Erika Dyah Fitriani - detikFinance
Kamis, 04 Mar 2021 17:50 WIB
Menkop UKM Teten Masduki
Foto: Kemenkop UKM
Jakarta -

Menteri Koperasi dan UKM Teten Masduki menanggapi pernyataan Presiden Joko Widodo (Jokowi) soal keberpihakan pada produk lokal Indonesia. Diketahui sebelumnya, Presiden Jokowi menyatakan hal ini bukan saja dari sisi kebijakan afirmasi pemerintah. Tapi juga turut mengajak swasta, usaha besar, dan masyarakat Indonesia untuk dapat berpihak pada UMKM atau produk lokal.

Selain itu, diketahui pula bahwa Presiden Jokowi meminta ruang strategis di area publik dan pusat-pusat perdagangan milik swasta diberikan kepada UMKM ketimbang produk impor. Baik itu di pusat perbelanjaan maupun platform perdagangan digital.

Adapun pernyataan Presiden Jokowi ini merupakan bentuk afirmasi peran negara dalam memberi peluang lebih besar kepada produk lokal. Terlebih, saat ini banyak pelaku UMKM produsen produk lokal mengalami penurunan penjualan karena dampak pandemi COVID-19.

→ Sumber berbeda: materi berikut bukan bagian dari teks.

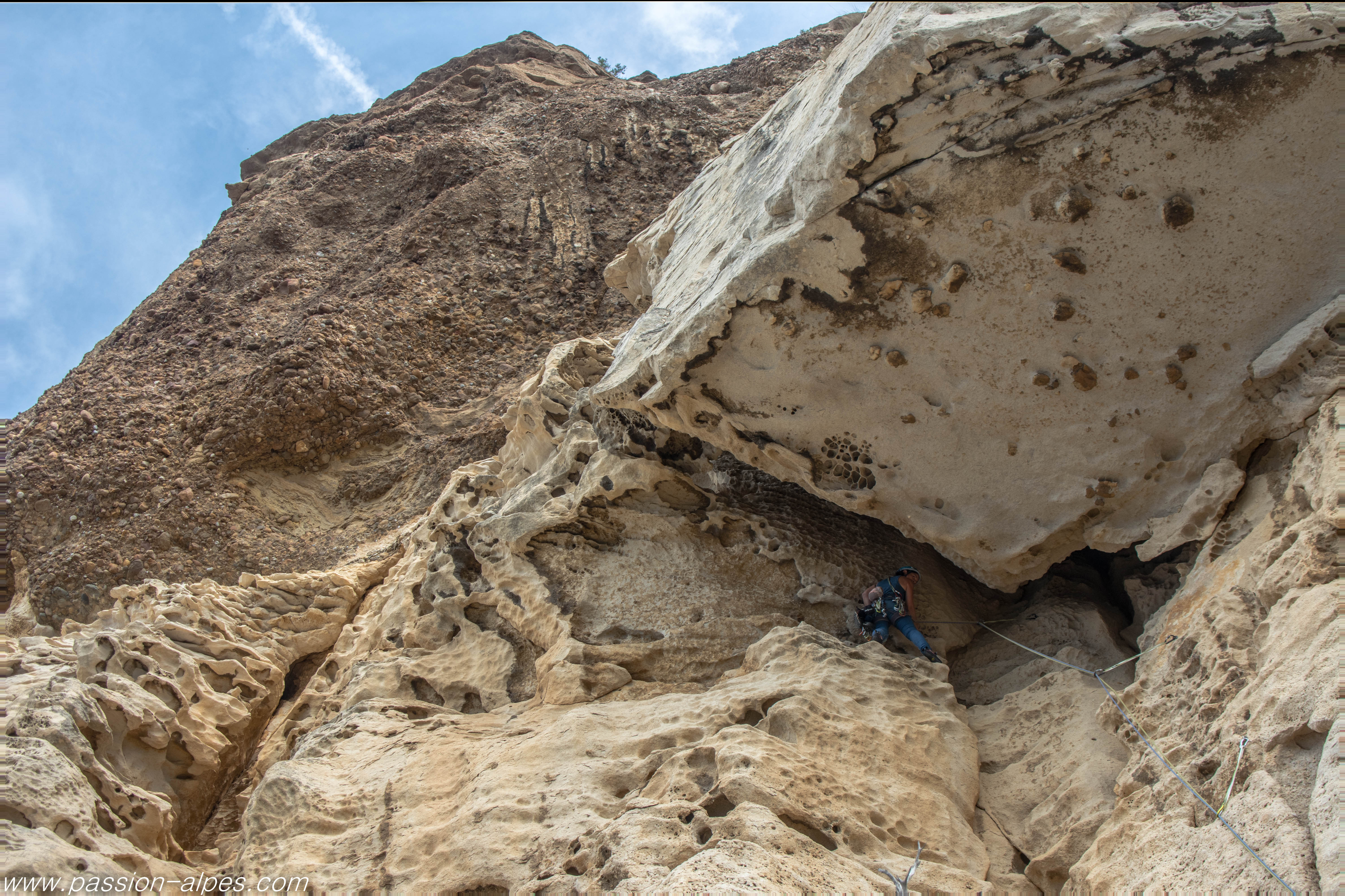 La longueur suivante parcourt de nouveau un mur blanc technique en fissure, avant d’aller franchir un toit massif. Cette fois le passage est carrément génial et ludique, puisqu’il s’agit de se glisser dans une faille en écart pour passer à travers le toit, une très belle « renfougne » comme on dit dans le jargon… On sort alors du toit qui devient croulant pour parcourir de beaux reliefs et faire relais juste au dessus de l’édifice, qu’on imagine assez bien s’écrouler un jour ou l’autre… Ce sentiment de fragilité est d’ailleurs renforcé par l’arrivée dans la zone de pouding, un conglomérat de gros galets enchâssés dans du rocher fragile. C’est l’ambiance particulière de Canaille !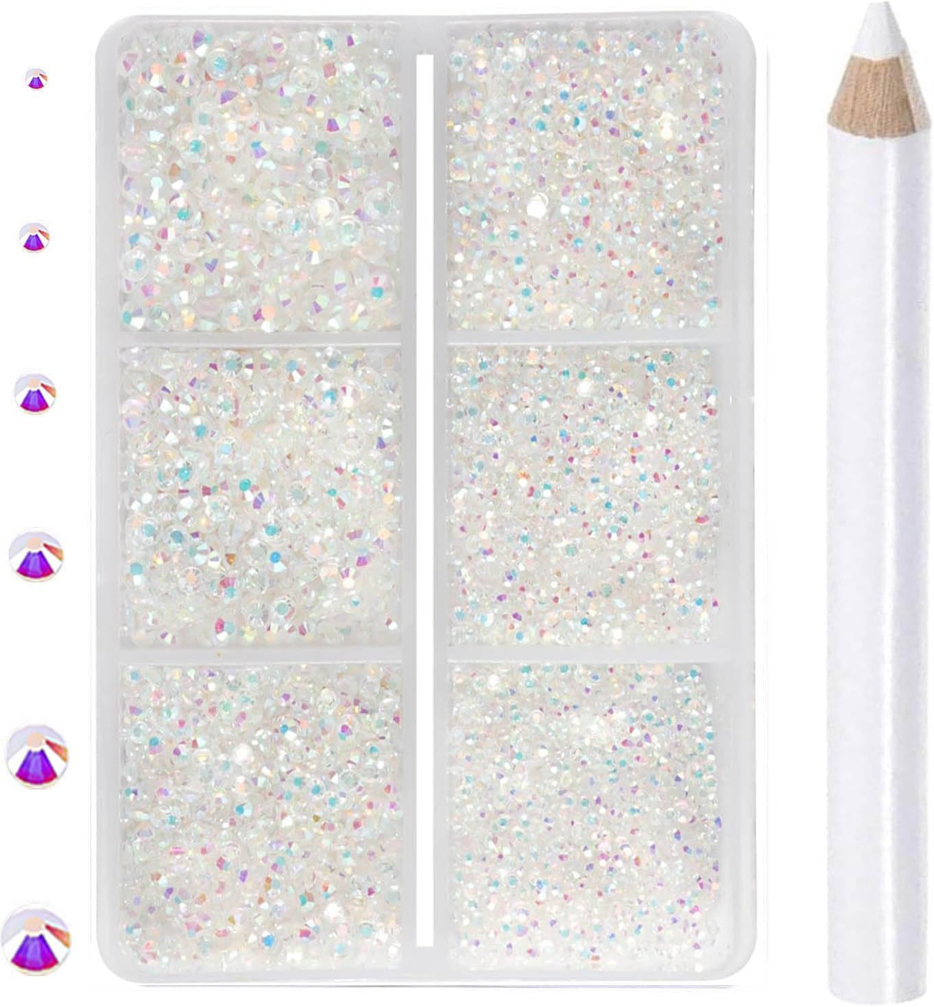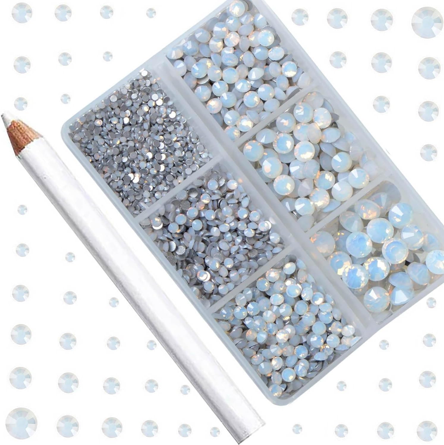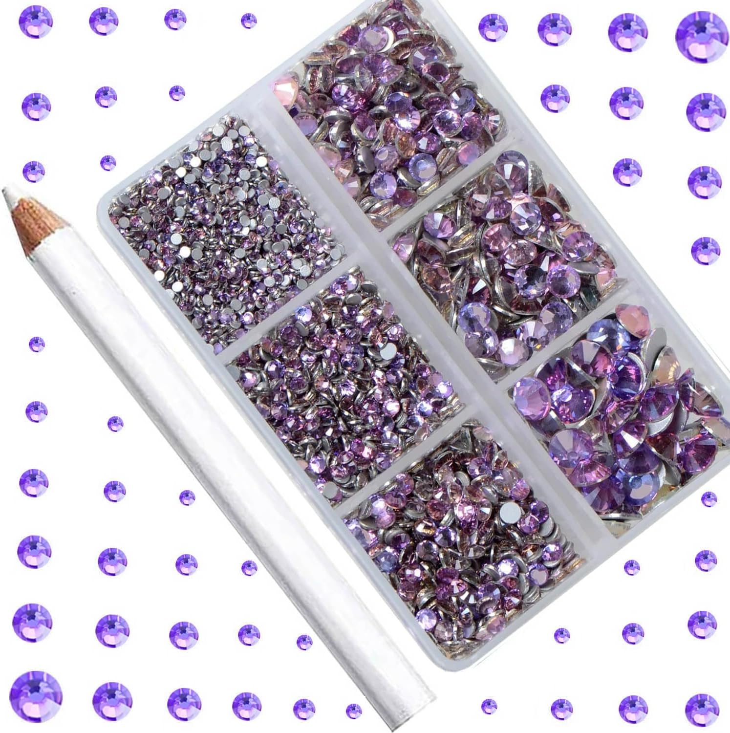 6Sizes rhinestones in one boxes with 6 grids. They are SS4: 1.5mm, SS8: 2.3mm, SS12: 3.0mm, SS16: 3.8mm, SS20:4.8mm and SS30: 6.6mm. Including a large number of large-size rhinestones, enough to succeed a complete clothing and shoes crafts project.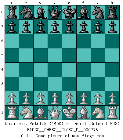 Last move : 0-1 2021 May 17 17:45:14 [Event "FICGS__CHESS__CLASS_D__000276"] [Site "FICGS"] [Date "2021.04.07"] [Round "1"] [White "Kowalrock,Patrick"] [Black "Tedoldi,Guido"] [Result "0-1"] [WhiteElo "1400"] [BlackElo "1542"] 0-1 This chess game has been lost on time (started : 2021.04.07 7:52:33) Player Black won this chess game. Follow this game move after move (download)A thorough understanding of the typical mating continuations makes the most complicated sacrificial combinations leading up to them not only not difficult, but almost a matter of course. (Siegbert Tarrasch) Karpov ist ein Museumsstück. (Garry Kasparov) El hombre es un frívolo, una creatura engañosa y como un jugador de Ajedrez, se preocupa mas por el proceso de obtener su meta que de la meta por sí misma. (Dostoyevsky) Les Echecs, c'est l'art de la guerre sans les charniers, c'est la résurrection des morts tombés au champ d'honneur, l'espoir perpétuel, la suprématie de l'intelligence sur la force, la culture de l'esprit. (F. Szpiner) True nature is revealed in times of difficulty. (Chinese proverb)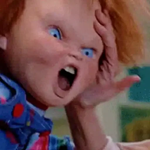 Um boneco de criança com olhos azuis arregalados e cabelo ruivo, com a mão na face e boca aberta em choque ou surpresa.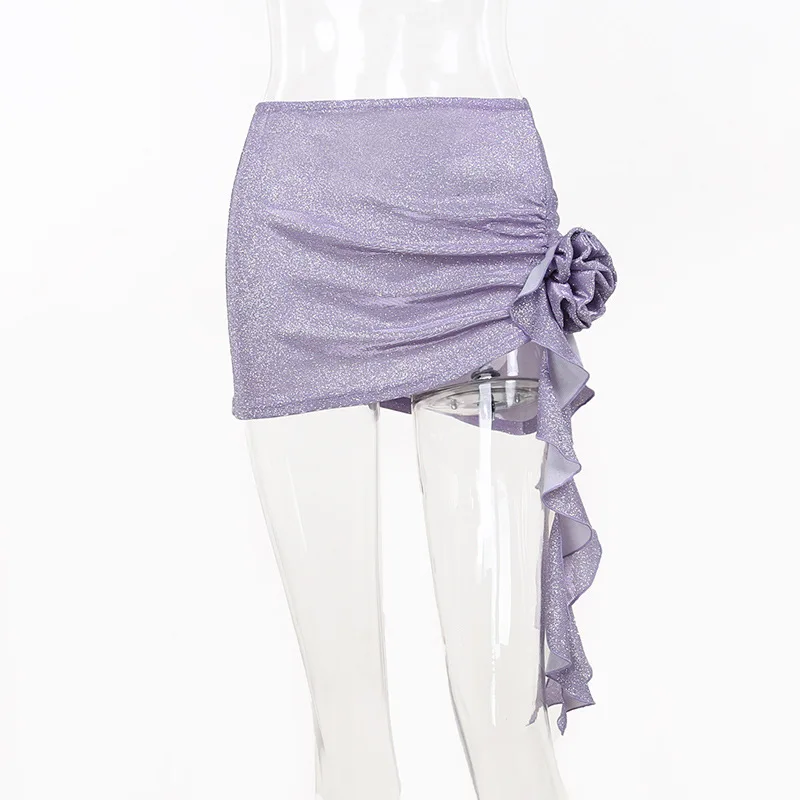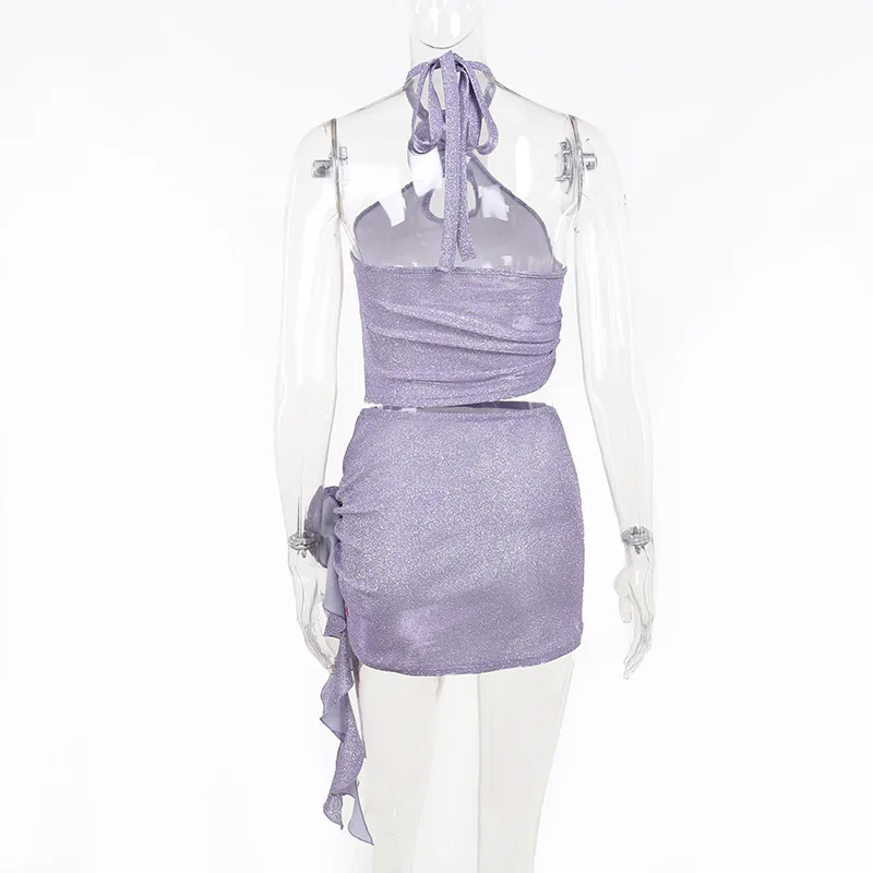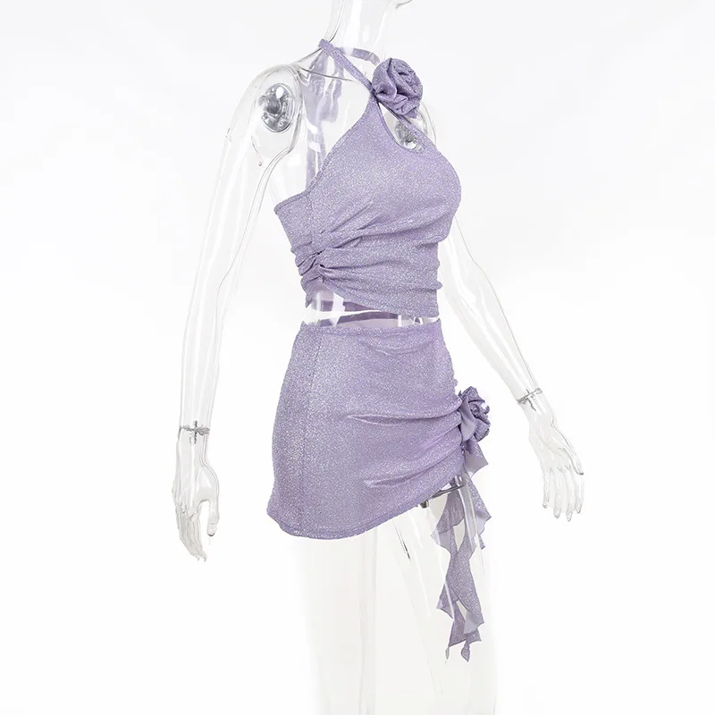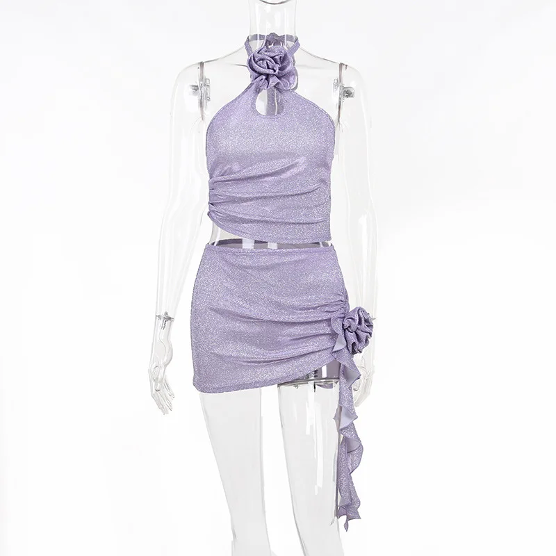 MQTIME  -  Spicy Summer Two Piece Set Women 3D Flower Halter Crop Top and Bodycon Skirts Sexy 2 Piece Suits Y2K Glitter Nightclub Outfits

Teten menjelaskan, pernyataan Presiden tersebut disampaikan dalam Rapat Kerja Nasional Kementerian Perdagangan di Istana Negara Jakarta. Ia melanjutkan, Presiden Jokowi menekankan perlunya ajakan untuk mencintai produk-produk Indonesia. Bahkan sempat mengatakan tidak cukup cinta produk lokal, tapi juga benci produk-produk dari luar negeri.

"Presiden menyampaikan hal ini karena beliau menilai masih ada ketidakberpihakan kepada produk lokal UMKM dalam praktik di pusat perbelanjaan maupun perdagangan digital. Presiden mengajak kita membela, melindungi, dan memberdayakan UMKM agar naik kelas," ujar Teten dalam keterangan tertulis, Kamis (4/3/2021).

Teten menambahkan, Presiden Jokowi selalu memikirkan nasib produk lokal setiap kali berkunjung ke pusat perbelanjaan di Jakarta maupun kota-kota besar lainnya. Dalam kunjungannya, Presiden sering melihat lokasi strategis masih dikuasai oleh merek luar yang terkenal.

"Itulah alasan Presiden selalu menyampaikan, kapan merek lokal akan naik kelas kalau di negerinya sendiri tidak diberi tempat terbaik?" lanjut Teten.

Teten menegaskan pernyataan Presiden bukan berarti anti impor. Menurutnya, berdasarkan fakta selama ini kebijakan impor juga tidak menghambat merek asing untuk masuk.

Ia pun menjelaskan, Presiden Jokowi dalam sambutannya menyampaikan bahwa Indonesia bukan bangsa yang menyukai proteksionisme. Sebab, sejarah telah membuktikan bahwa proteksionisme justru merugikan.

"Tetapi kita juga tidak boleh menjadi korban unfair practices dari raksasa digital dunia. Transformasi digital adalah win-win solution bagi semua pihak," tegasnya.

Menurut Teten, keinginan Presiden agar produk lokal mendapat tempat lebih baik adalah praktik yang wajar dilakukan pemerintah di semua negara. Sebab, tidak banyak merek lokal yang sanggup bersaing secara setara dengan merek global dengan dukungan sumber daya yang tidak seimbang.

Ia pun mencontohkan kebijakan di Korea Selatan yang mendongkrak produktivitas produk lokal. Yakni dimulai pada tahun 1970-an dengan memberikan pinjaman murah dan perlindungan persaingan pasar kepada jaringan-jaringan bisnis keluarga yang disebut Chaebol.